Review a proposed database schema migration before applying it to production. Evaluate competing approaches for implementing a caching layer with performance and complexity tradeoffs. Get a fresh perspective on a debugging session that has stalled after initial investigation.

Related Topics

Code review, architecture review, debugging strategies, software quality, technical evaluation, peer review, and static analysis.

Important Notes

Requirements

Clear description of the code or decision being reviewed with sufficient context. Access to relevant source files and documentation for thorough evaluation. Understanding of the project constraints and requirements that influenced the original decision.

Usage Recommendations

Do: provide full context including constraints, deadlines, and requirements when requesting a second opinion. Focus review effort on high-risk areas such as security, data integrity, and performance critical paths. Use structured findings with severity levels to prioritize follow-up actions.
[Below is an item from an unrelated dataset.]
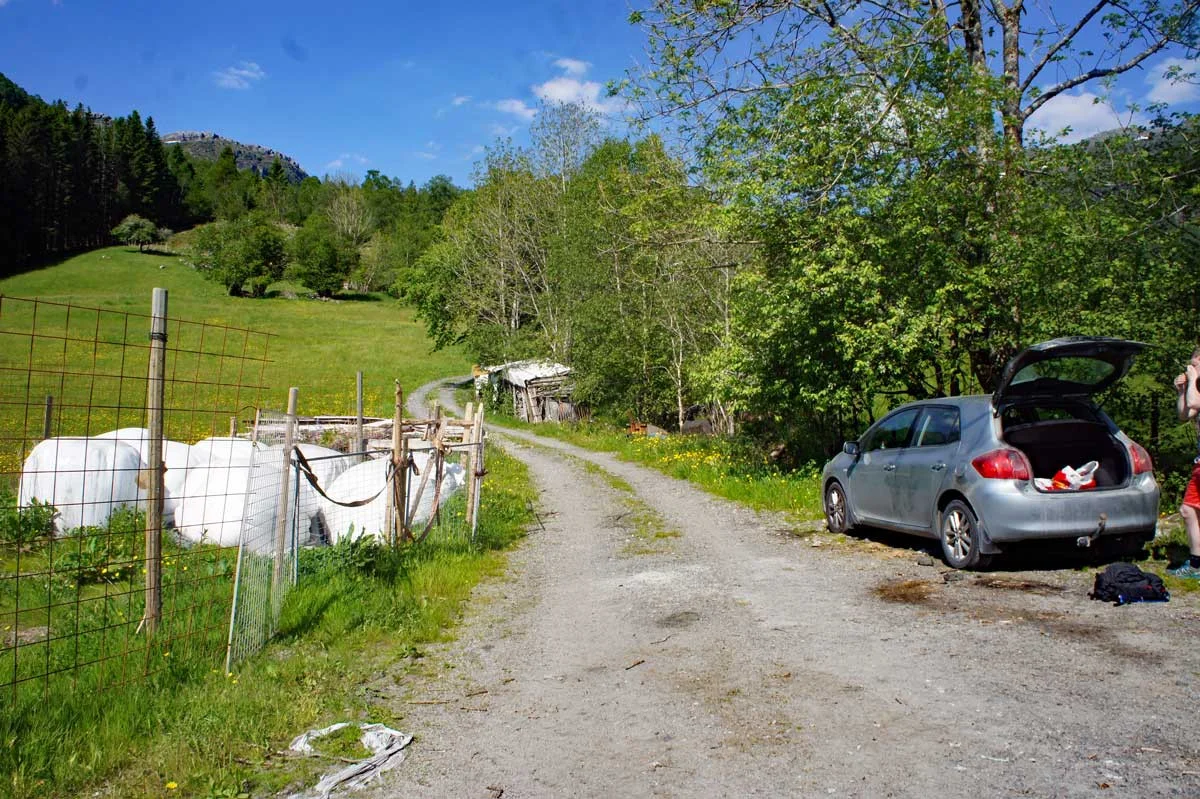 Turen begynner på skogsvei som svinger seg opp fjellsiden. Gå forbi vedskjulet og følg veien rundt den krappe svingen mot venstre til Stussklevia. Her flater det ut og skogsveien går rett frem. Følg med etter stien på høyre side som leder av skogsveien inn i skogen. Stien snegler seg oppover fjellet og etter en stund kommer til skilt merket "Gjønakvitingen". Like etter kommer du inn i en bratt parti som fører deg over tregrensen.

Don't: treat automated analysis as a replacement for human judgment on architectural decisions. Request reviews without providing the reasoning behind original choices. Ignore findings that contradict your initial approach without careful evaluation.

Limitations

Automated analysis tools cannot fully assess design intent or business context behind implementation choices. Review quality depends on the completeness of context provided about project constraints and goals. Second opinions may conflict with each other, requiring judgment to reconcile different perspectives on the same problem.